Following is a 4-day list of things to do and historical facts about Paris. When we visited in July, the sun rose at 6:14 a.m. and had set by 9:38 p.m. We had plenty of daylight for exploring.
Rive Droite or Right Bank of La Seine
Take a half day guided tour of Musee du Louvre and check out Leonardo da Vinci’s Mona Lisa who became famous because she was stolen in 1911 and was missing for two years.
Walk through the Tuileries Gardens that was originally created by Catherine de Medicis in the 16th century.
Visit the Place de Concorde where many were guillotined during the French Revolution. Today, the 3,300-year-old Obelisk Luxor marks the guillotine location.
Walk the Champs-Elysees and lunch at one of the cafes. Work your way to the Arc de Triomphe that was built by Napoleon.
Rive Gauche or Left Bank of La Seine
Visit Les Invalides, formerly a military hospital, where Napoleon is entombed. Explore the World War II wings.
Tour Rodin Musee and find The Thinker and The Gates of Hell that Dante’s Divine Comedy inspired. The Thinker initially represented Dante who was positioned over The Gates of Hell pondering the chaos of the damned.

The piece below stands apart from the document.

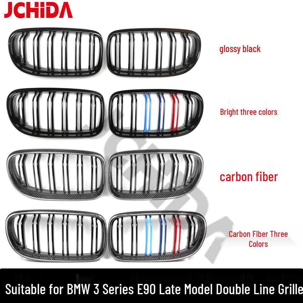 BMW 3 Series E90 Late Model Front Grille in Bright Black, Tri-color, or Carbon Fiber for Car Modification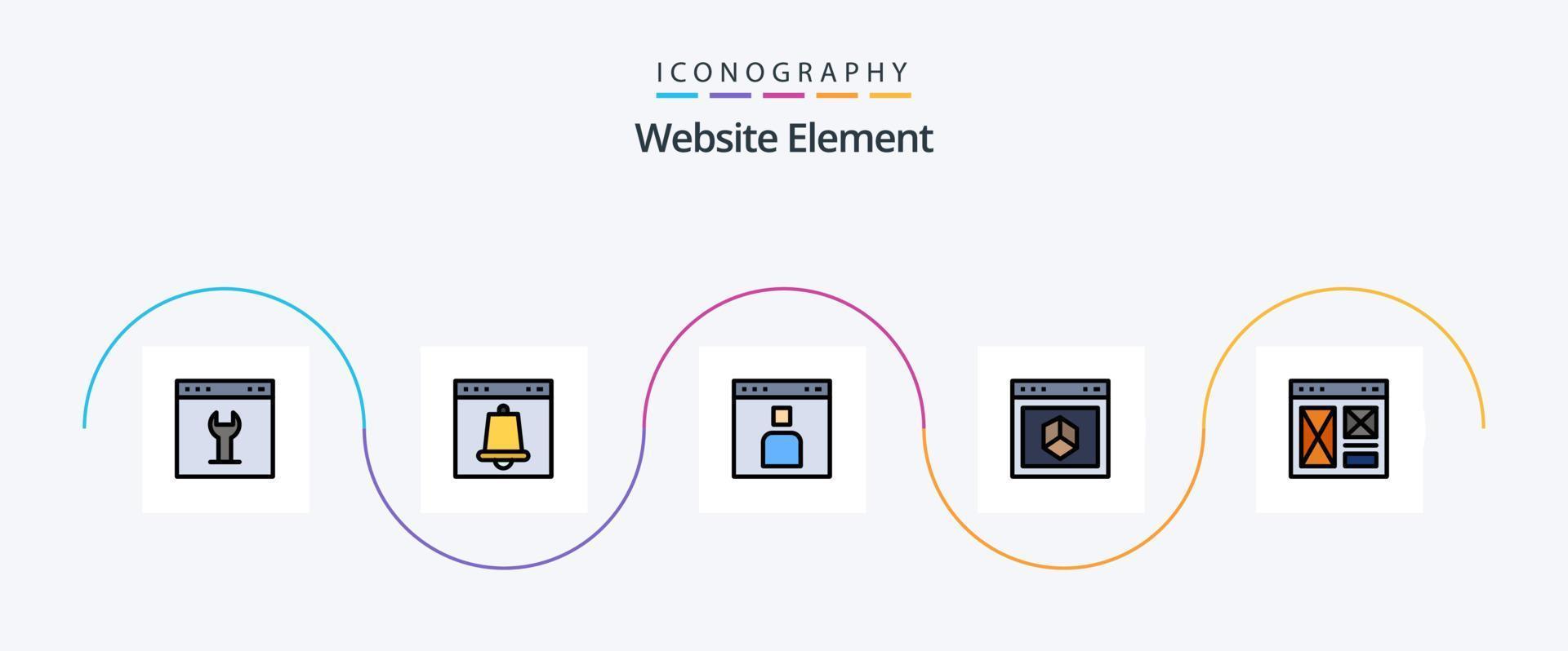 Website Element Line Filled Flat 5 Icon Pack Including element. application. interface. people. interface vector

Head to the 6th arrondissement, my favorite, and relax at one of the many sidewalk cafes and people watch while sipping wine or cafe au lait.
Visit one of the open-air markets like Raspail organic market, though Raspail is only open on Sundays, where you can buy fresh bread, desserts, a variety of cheese, fruits, vegetables, meat, flowers, and more.
Peruse the multitudes of shops and eateries on the Left Bank.
Dine at Les Deux Magots, one of the oldest Paris cafes, where Ernest Hemingway, Pablo Picasso, Jean-Paul Sartre and many other renowned figures frequented.
Visit the Eiffel Tower at night when it shimmers in gold.
Ile de la Cite
Take a half-day tour of the Notre Dame Cathedral and then hop in a cab to Montmartre.
Walk Montmartre where Pablo Picasso, Vincent van Gough, Auguste Renoir and many other famous artists had lived.
Montmartre, or “Mount of Martyrs,” was named because, in the 3rd century, the first Parisian Christians were martyred where the Basilica of the Sacre-Coeur stands today. Walk up the 270 steps to the top for panoramic Paris views.
Hire an artist to sketch your portrait at Place Du Tetre and browse through the local artwork.
Explore the Salvador Dali Museum that “holds the largest collection of Dali’s art in France.”
Though there is much more to see, these are my top suggestions for 4 days in Paris.